The wedge of which UVVA is the thin end? It would enshrine in Federal law the notion that a fetus is an unborn child. The title of the new section (§1841) it would insert in USC Title 18 is
Protection of unborn childrenand the idea is used throughout the bill.
As the piece says
Though it makes an explicit exception for abortion, within the rhetoric of a law that defines killing a fetus as murder the exception seems absurd -- and that's precisely the point.
There's also a bill to ban RU-486, and another - a sort of abortion Mann Act - to punish an adult taking a minor across a state line for an abortion free of parental consent rights: identical (to my naked eye) bills HR 1755 and S 851.
The attritional work by legislators meshes with the efforts of the picketers and doctor-killers to make it just too damned unpleasant for clinics to carry on. The result: whatever the legal position might be, so many counties don't have abortion providers that there's a de facto abortion ban already in place pro tanto. Which has the effect of lowering expectations for the existence of abortion provision amongst women generally.

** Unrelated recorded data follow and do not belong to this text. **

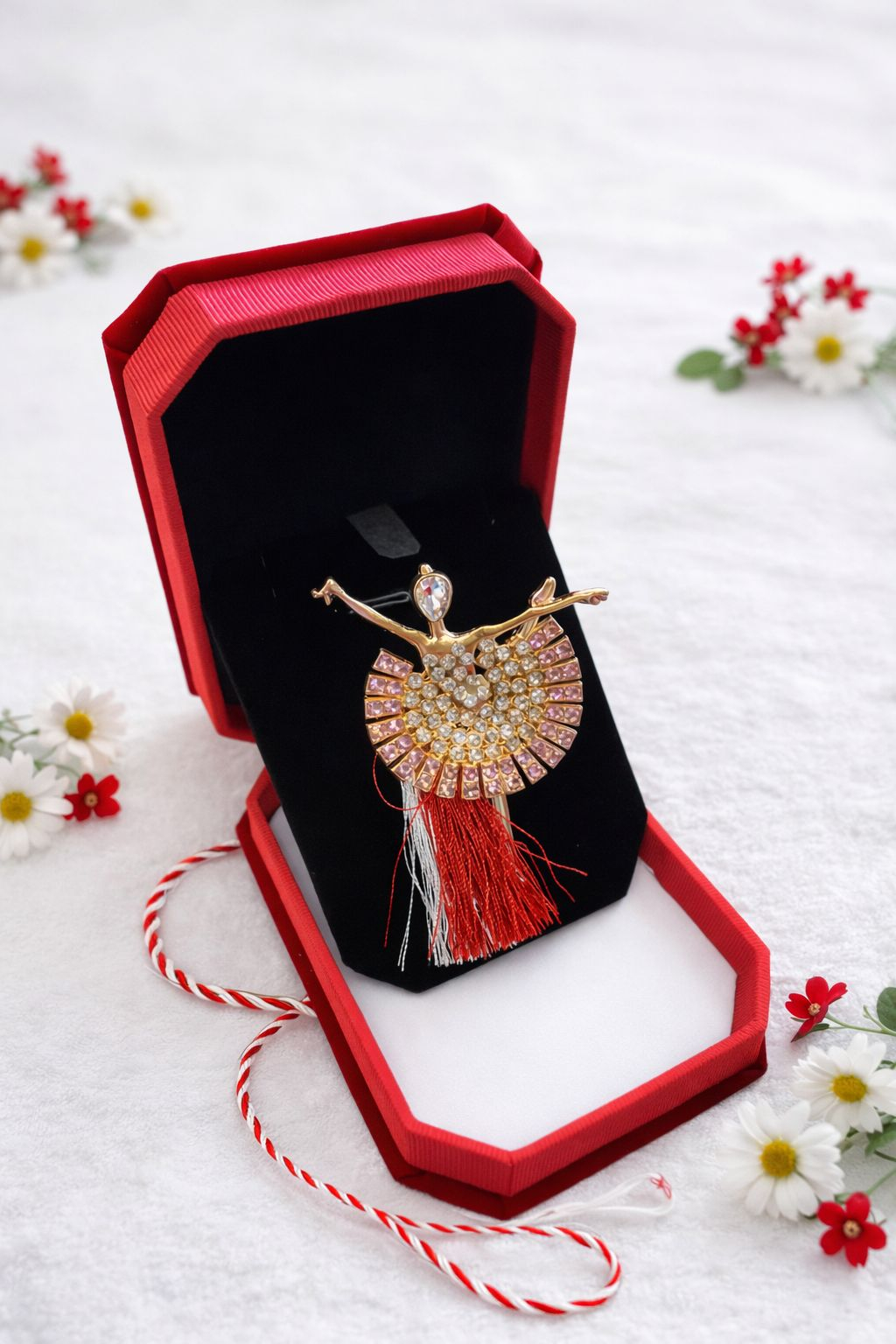 Brosa balerina aurie cu strasuri albe si rosii, martisor, cutie catifea 9x8x2.5 cm
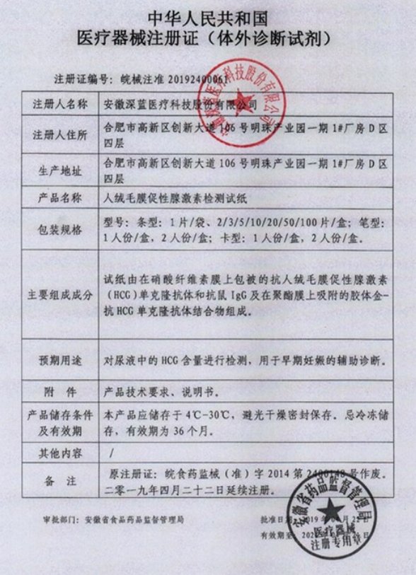 人絨毛膜促性腺激素檢測試紙(弗泰吏)由在硝酸纖維素膜上包被的抗人絨毛膜促性腺激素(HCG)單克隆抗體和抗鼠IgG及在聚脂膜上吸附的膠體金-抗HCG單克隆抗體結(jié)合物組成。對尿液中的HCG含量進(jìn)行檢測,用于早期妊娠的輔助診斷。
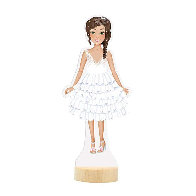 Магнитна кукла Сватба внася забавление и творчество в детската стая. С тази кукла децата могат да обличат своята фигурка в различни тоалети благодарение на трите листа с магнитни части на облекло, обувки и аксесоари.

So low, that, according to the piece,
An April 7 survey commissioned by the Center for the Advancement of Women, a feminist group, found that only 41 percent of women see keeping abortion legal as a top priority for the women's movement.
An isolated number like that is apt to mislead - but, on the face of it, the pro-abortion base is toppling.
(John Ashcroft is revealed to have a subtle sense of humour: he's delegated enforcement of the PBA ban to the Civil Rights Division. So, not only does he get the kind of liberal attorney that no doubt gravitates to that Division prosecuting abortion doctors, but he buttresses the perception of the fetus as a person who has civil rights.)
At the current rate of progress, by the time the Fifth Horseman arrives, most of his abortion work may, in effect, have been done.
(There's a compare and contrast to be done with the way that the civil rights movement worked in the 50s and 60s, in a synergetic combination of action in the streets, the courts and legislatures. Wearing down and worrying away, taking little victories when they offered themselves, but keeping the ultimate goal always in mind.)